◆ **WHAT YOU NEED TO DO**: Pictures are to be left out, and only the lines below starting at the one with "Es una iniciativa" and ending at the one with "DATA HANDLING AND VISUALIZATION CD-603" are to be reproduced, each exactly, both ends included.
BEGIN DATA FOR THE TASK
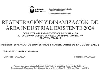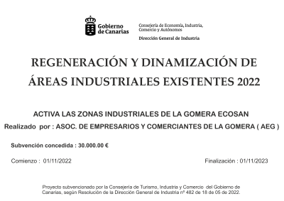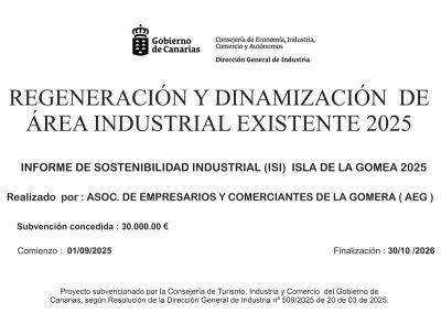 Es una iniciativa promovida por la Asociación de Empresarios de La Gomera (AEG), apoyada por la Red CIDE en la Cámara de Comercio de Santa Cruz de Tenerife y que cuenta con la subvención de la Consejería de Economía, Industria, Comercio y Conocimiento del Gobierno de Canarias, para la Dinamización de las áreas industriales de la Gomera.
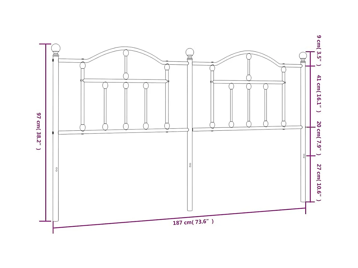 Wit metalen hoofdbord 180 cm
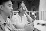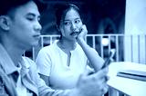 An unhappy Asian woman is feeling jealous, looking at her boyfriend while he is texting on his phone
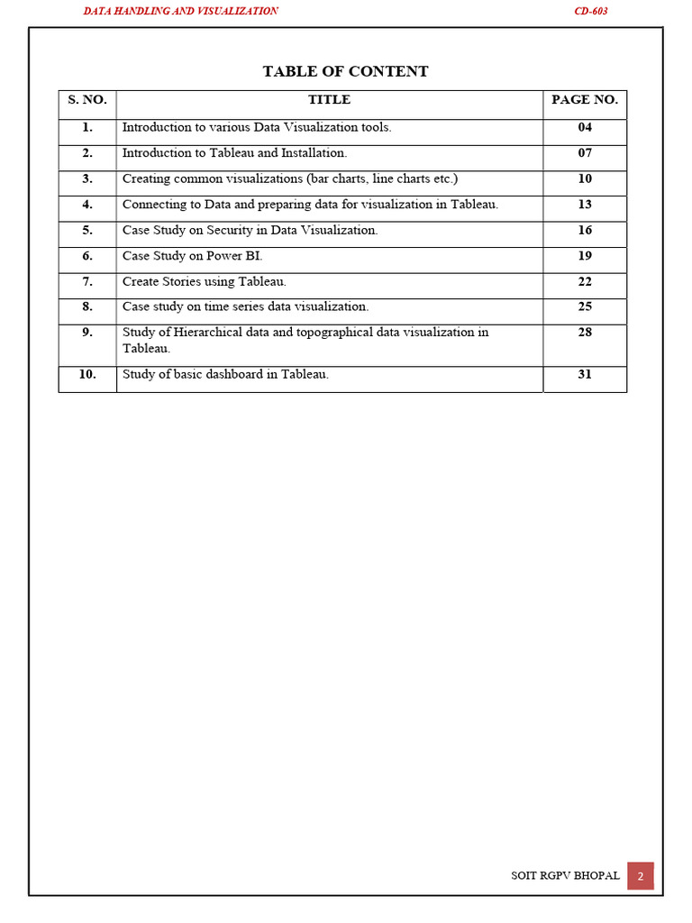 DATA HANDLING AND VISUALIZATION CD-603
END DATA FOR THE TASK
BEGIN DATA FOR THE TASK
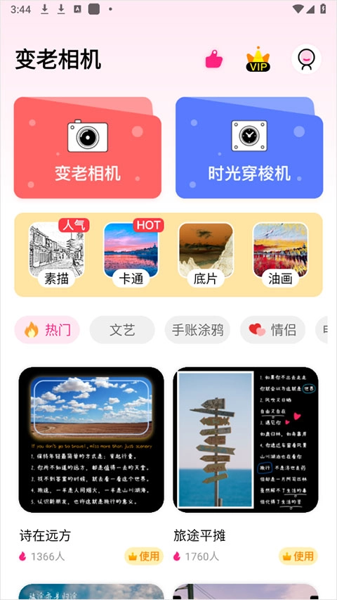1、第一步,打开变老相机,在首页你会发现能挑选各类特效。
END DATA FOR THE TASK
◆ **TASK ANSWER**:
 Es una iniciativa promovida por la Asociación de Empresarios de La Gomera (AEG), apoyada por la Red CIDE en la Cámara de Comercio de Santa Cruz de Tenerife y que cuenta con la subvención de la Consejería de Economía, Industria, Comercio y Conocimiento del Gobierno de Canarias, para la Dinamización de las áreas industriales de la Gomera.
 Wit metalen hoofdbord 180 cm
 An unhappy Asian woman is feeling jealous, looking at her boyfriend while he is texting on his phone
 DATA HANDLING AND VISUALIZATION CD-603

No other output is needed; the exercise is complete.